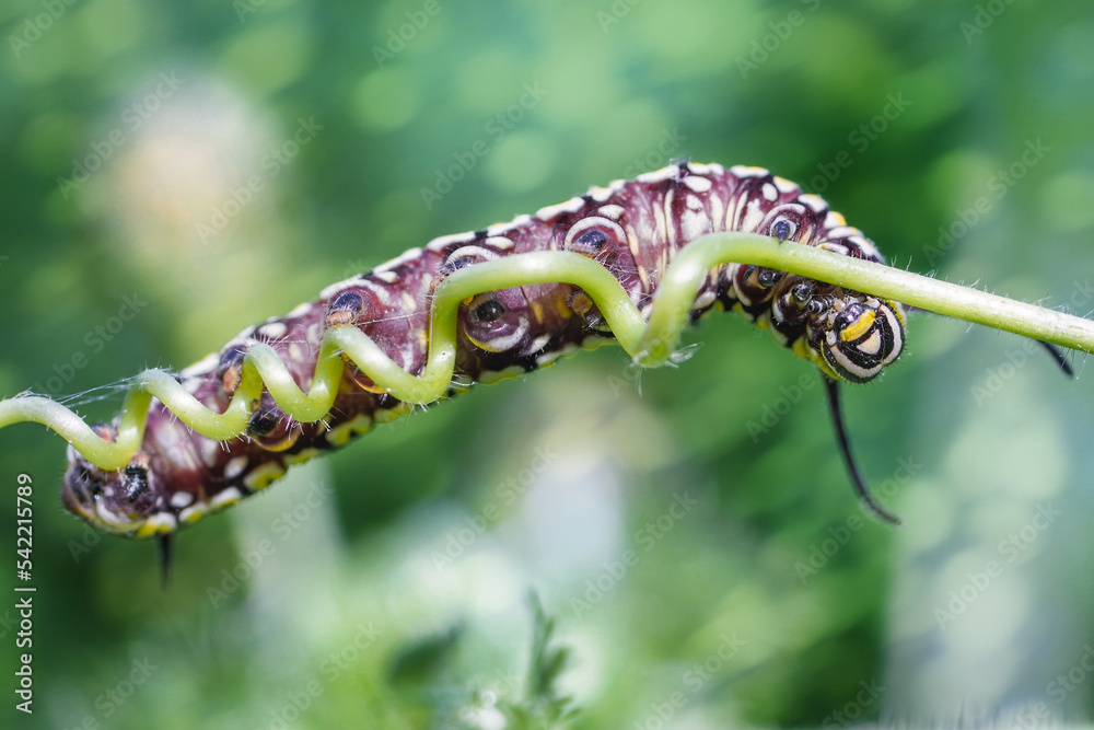 Monarch butterfly caterpillar Papilio on a forest plant on a summer day. Yellow caterpillar on a fennel. with beautifull bokeh background
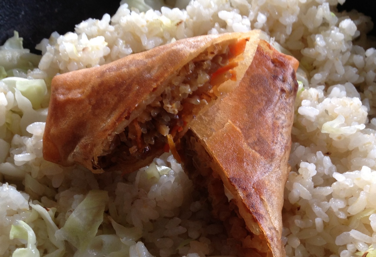 みじん切りの玉ねぎ、人参、ピーマン、春雨、炊いた炒り玄米をごま油で炒め、塩コショウで調え、春巻きの皮で包んでからりと揚げます。
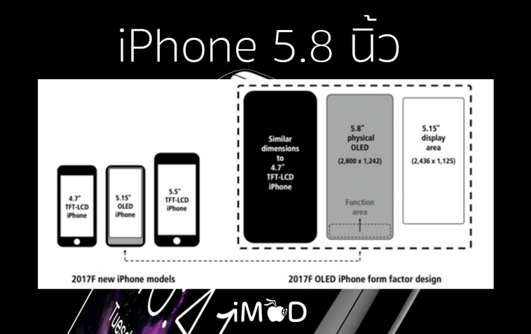 Ming-Chi Kuo เจ้าเดิมเผยรายงานการวิเคราะห์ iPhone รุ่นใหม่ปี 2017 ที่คาดว่าจะมีหน้าจอ OLED 5.8″ ว่าตัวจอ OLED จะเป็นจอแบบเต็มขอบข้าง (ไร้ขอบ) แต่จะมีพื้นที่ สำหรับใช้งานแสดงผลจริงในส่วนตรงกลาง 5.15″ โดยพื้นที่ด้านล่างจะเหลือไว้สำหรับแผงฟังก์ชั่นเสมือน

+ + + +

● PROBLEM TO SOLVE
Keep the pictures out and repeat exactly the lines from the beginning of the data through the line that contains "みじん切りの玉ねぎ、人参、ピ", both ends included.

● RESPONSE TO THE TASK
 Monarch butterfly caterpillar Papilio on a forest plant on a summer day. Yellow caterpillar on a fennel. with beautifull bokeh background
 みじん切りの玉ねぎ、人参、ピーマン、春雨、炊いた炒り玄米をごま油で炒め、塩コショウで調え、春巻きの皮で包んでからりと揚げます。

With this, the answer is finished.